ROANOKE TIMES 
                      Copyright (c) 1996, Roanoke Times

DATE: Monday, March 11, 1996                 TAG: 9603110061
SECTION: SPORTS                   PAGE: B=1  EDITION: METRO 
COLUMN: Jack Bogaczyk
SOURCE: JACK BOGACZYK


NO STRENGTH IN NUMBERS FOR HOKIES

If Virginia Tech felt a different sort of March madness watching the NCAA Tournament men's basketball pairings unveiled Sunday, perhaps the Hokies should look at the bracket through Jerry Tarkanian's glasses.

The NCAA bubble burst for ``Tark the Shark'' when the 64-team NCAA bracket was announced. Did anyone really think the NCAA was going to let longtime nemesis Tark into the field, even if his address had changed from Nevada-Las Vegas to Fresno State?

Actually, the reason Tarkanian's club didn't get a third bid for the Western Athletic Conference was the same reason the Hokies ended up in Dallas, seeded in the bottom half of the field, meeting Wisconsin-Green Bay.

Since the last time the Hokies went to the Large Limbo, a decade ago, one factor in the selection process has become increasingly important.

It's the reason ninth-seeded Tech (22-5), ranked 15th before their Atlantic 10 Conference tournament tumble against Rhode Island, is the lowest-seeded NCAA team from the Associated Press' March 3 poll. It's the reason Tulane didn't gain Conference USA a fifth bid. It's the reason Fresno State is NIT-bound. It's why College of Charleston (S.C.) really had no chance. It's why Bradley and Santa Clara will go to the dance.

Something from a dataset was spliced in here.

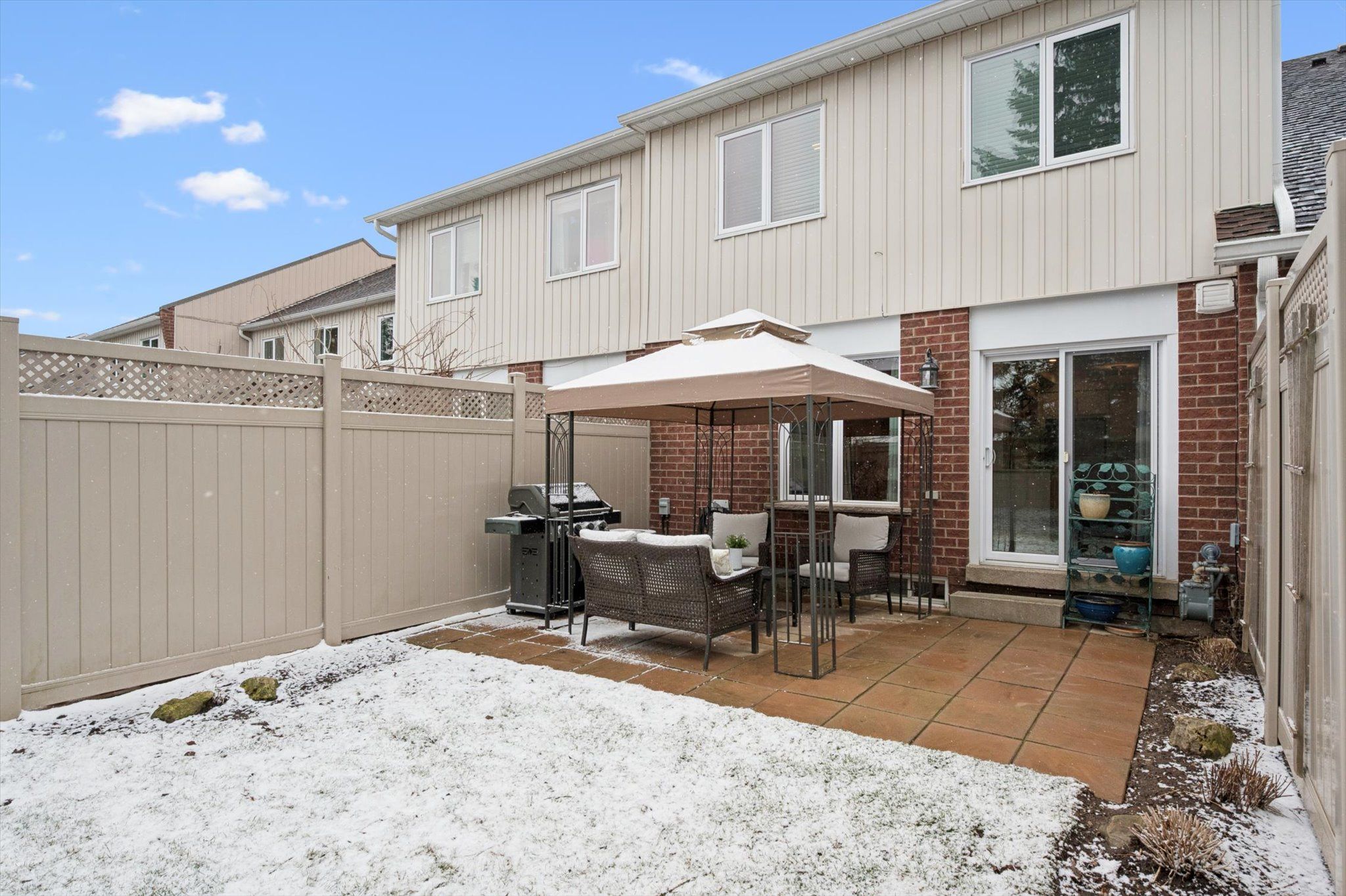 Welcome to this beautifully renovated townhouse, tucked into a serene and highly sought-after pocket of kortright hills. Offering over 1,400 square feet of graciously updated living space, this home blends modern finishes with an unbeatable location. Backing directly onto kortright hills public school, and just steps from mollison park, this setting is ideal for families and those who value both privacy and convenience. Walk into the spacious foyer with its sweeping architectural staircase, and be drawn into the open concept living area with views of the yard and park beyond. Completely updated in 2021, the kitchen truly is a chef's dream. Thoughtfully finished with beautiful cabinetry, high-end appliances, ample storage, and quartz countertops designed for both multi-tasking and baking for a crowd. Catch up with guests in the bright family room, or nestle in with your favourite shows beside the cosy fireplace. Wander outside onto the patio on those warm summer evenings and indulge in the peaceful seclusion. Upstairs, you'll find 3 spacious bedrooms and 2 full bathrooms, including a lovely primary ensuite. The primary also has a deep walk-in closet for extra convenience. Downstairs, you'll find a fully finished, recently carpeted family room ready for your personal style and vision, along with an updated 3-piece bathroom. Boasting new flooring and fresh paint throughout, offering functionality for both everyday living and entertaining, and set within an exclusive enclave... This property offers a rare sense of privacy while still providing easy access to shopping, schools, parks, and commuter routes. It really doesn't get much better than this. 2-39 ptarmigan affords the perfect opportunity to enjoy turnkey living in one of guelph's most desirable neighbourhoods. Let's get you in for a closer look soon.

It's strength of schedule.

In the worst and most balanced bracket since the NCAA went to 64 teams in 1985, strength of schedule was crucial in selection and seeding. That's why Temple and Maryland received seventh seeds, despite 12 losses. It's why Arizona was seeded higher than UCLA, although the Bruins won the Pacific-10 Conference title over the Wildcats.

Some Hokies have spent the season trying to discredit the Ratings Percentage Index (RPI), one of the measuring sticks the NCAA uses in its selection and seeding process. Strength of schedule is half of the RPI. Tech's schedule wasn't as good as it looked when it was made, when Virginia and West Virginia had losing seasons and North Carolina-Charlotte skidded to .500.

Tech is 7-5 against teams with winning records - and two of those were over Dayton (15-14) - and 15-0 against the rest of the schedule. The Hokies split with conference foe George Washington, and the Colonials split with Massachusetts. However, the Colonials received only an 11th seed in the West, because their schedule ranked in the bottom 100 in the country.

The bracket reflects the kind of season it was in college hoops. Because of the balance, more coaches than usual will be terrified of second-round matchups. However, thanks to upsets in conference tournaments, the bottom of the seed pool seems weaker than ever. One-fourth of the field was ranked lower than 70th in last week's RPI.

For only the second time in history, there are two teams with losing records in the field - San Jose State and Central Florida. The only other time that happened, Bradley and Oklahoma City made it in 1955 because District 5 needed to send two independents into the 24-team bracket, and that district had only two independents.

The Southeast Region appears the toughest. Connecticut, Cincinnati, Georgia Tech, UCLA, Mississippi State, Indiana, Temple and Duke form the top half of that Sweet 16. Those first five all won conference regular-season or tournament titles. Half of the Midwest bracket was ranked a week ago, including the Hokies and Green Bay.

It appears the committee also tried to balance the regions by ignoring geography. In this NCAA field perhaps more than any in recent memory, there's no place like home for very few.

Texas Tech got a third seed, but instead of playing in Dallas, the Red Raiders go to Richmond. Indiana, Louisville, Cincinnati and Purdue all would have felt right at home in the first round at the RCA Dome in Indianapolis. Instead, they're spread from Orlando, Fla., to Milwaukee to Albuquerque, N.M. The Clemson-Georgia neighborhood rivalry tips off in New Mexico.

On the Road to the Final four at the Meadowlands, however, it matters not as much where you play as who you play. Obviously, who you play matters long before March, too.